2.3 Joint Plots, Heatmaps, and Pair Plots
Explanation: Seaborn streamlines bivariate and multivariate analysis with joint plots, correlation heatmaps, and pair plots.
Requirements: Produce a joint plot with KDE contours, a correlation heatmap, and a pair plot for multivariate exploration. One snippet, one chart.
metrics = pd.DataFrame({
'sessions': np.random.poisson(200, 150),
'conversion_rate': np.random.beta(2, 8, 150),
'avg_order_value': np.random.normal(80, 15, 150),
'region': np.random.choice(['NA', 'EU', 'APAC'], 150)
})
metrics['revenue_per_session'] = metrics['conversion_rate'] * metrics['avg_order_value']
# Joint plot
sns.jointplot(data=metrics, x='sessions', y='revenue_per_session',
kind='kde', fill=True, cmap='mako')
plt.suptitle('Traffic vs Revenue Density', y=1.02)
plt.show()# Correlation heatmap
corr = metrics[['sessions', 'conversion_rate', 'avg_order_value', 'revenue_per_session']].corr()
plt.figure(figsize=(6, 5))
sns.heatmap(corr, annot=True, cmap='coolwarm', center=0, linewidths=0.8, square=True)
plt.title('Metric Correlations')
plt.show()# Pair plot
sns.pairplot(metrics, hue='region', diag_kind='kde', height=2.2)
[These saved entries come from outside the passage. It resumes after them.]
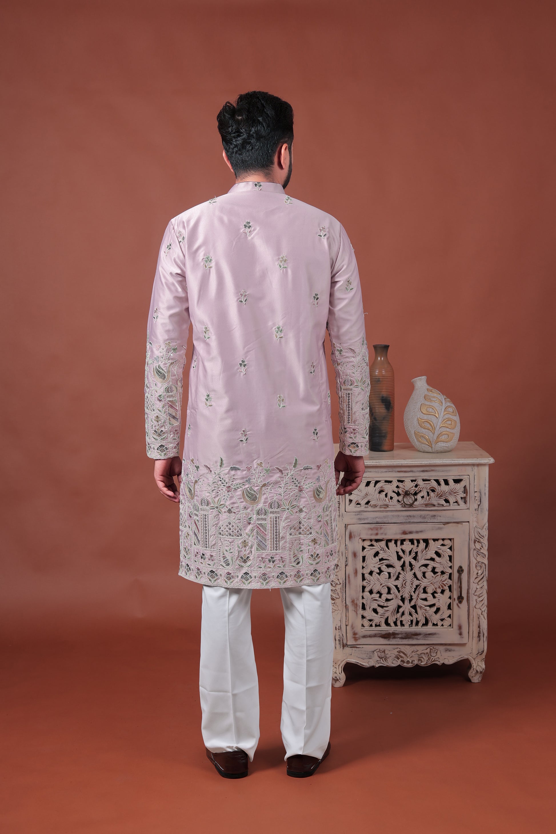 Step into tradition with this vibrant pink satin kurta from Varbandhan, exquisitely embroidered with floral and Mughal-inspired motifs. Intricate multicolor threadwork enhances the hem, sleeves, and chest area, adding regal charm to your festive ensemble.
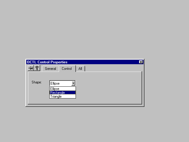 To demonstrate the capabilities of an OLE custom control, I developed a simple control. This control, OCTL, consists of a single button that can have three different shapes (ellipse, rectangle, triangle). When the control is clicked on, it changes its state from deselected to selected or vice versa. When the control is selected, it appears red; otherwise, its color is green. The control generates events whenever its state changes.
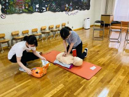 幼稚園は、たくさんの命を預かる場です。万一の時に、速やかに行動できるよう、幼児への心臓マッサージや幼児へのAED使用時の注意点などを学びました。
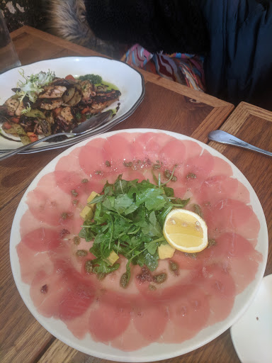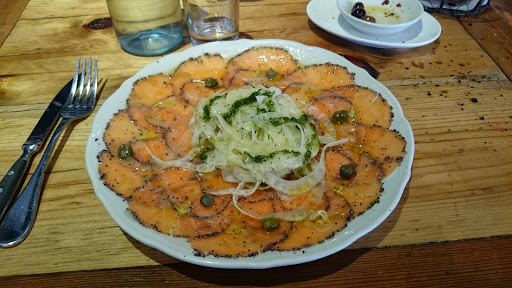 Poor Service & Dangerous for People with Food Allergies The ambiance is nice (though its a little loud and maybe a bit too dark), but the service and management are really bad. I have a severe nut allergy. We ordered a cheese plate, which had nuts all over the cheese, and I explained that I couldnt eat it. The waiter asked, "You dont want nuts?", and then took his animal-like paw to move all the nuts off the cheese and onto the board. Aside from the fact that he was touching our food with his hands (gross!-- like we would want to eat the cheese anyway after that), he clearly hand no understanding of allergies. (Honestly, you pretty much have to have never read a single newspaper to not have heard about nut allergies before.) I explained that I couldnt eat it, so he brought out a "new" cheese board. I stupidly trusted him and took one bite of it and immediately had a horrible allergic reaction which nearly landed me in the hospital. Even if you dont have food allergies, its nasty-- waiters should never touch your food. Beside the fact that they basically poisoned me, its a sign that they have no training, no standards, and no real management. Stay away.
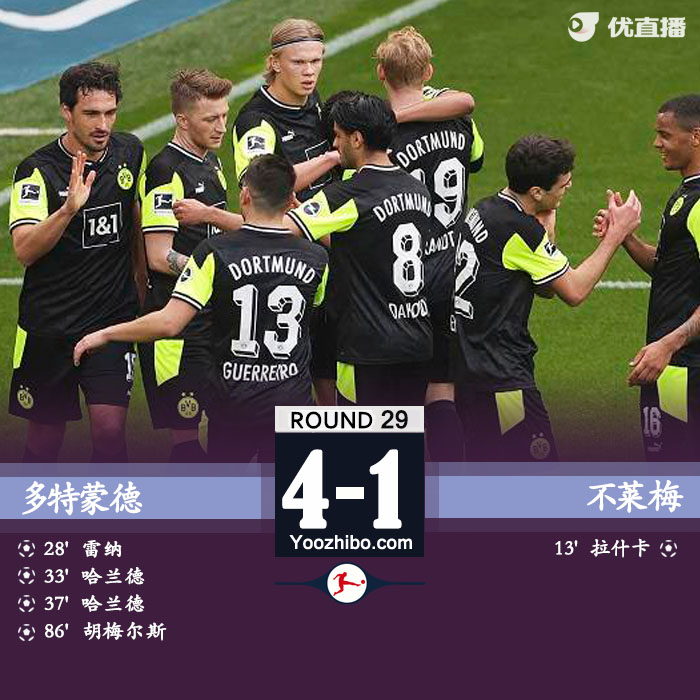 优直播4月18日讯 北京时间4月18日晚上21:30,2020-21赛季德甲第29轮,多特蒙德坐镇主场迎战不莱梅。上半场,拉希察单刀破门,雷纳爆射扳平比分,罗伊斯造点哈兰德主罚命中,哈兰德推空门得手。半场战罢,多特蒙德暂3-1不莱梅。下半场,罗伊斯屡造险,埃格斯泰因中柱,哈兰德头球破门越位,塞拉西乌龙。全场比赛结束,多特蒙德4-1不莱梅,本赛季双杀对手的同时,距欧冠区4分。

plt.suptitle('Pair Plot by Region', y=1.02)
plt.show()Chart Descriptions: The joint plot shows dense probability contours linking sessions to revenue per session. The heatmap visualizes correlation strengths, highlighting how revenue per session depends on both conversion rate and order value. The pair plot reveals regional clustering across all metrics.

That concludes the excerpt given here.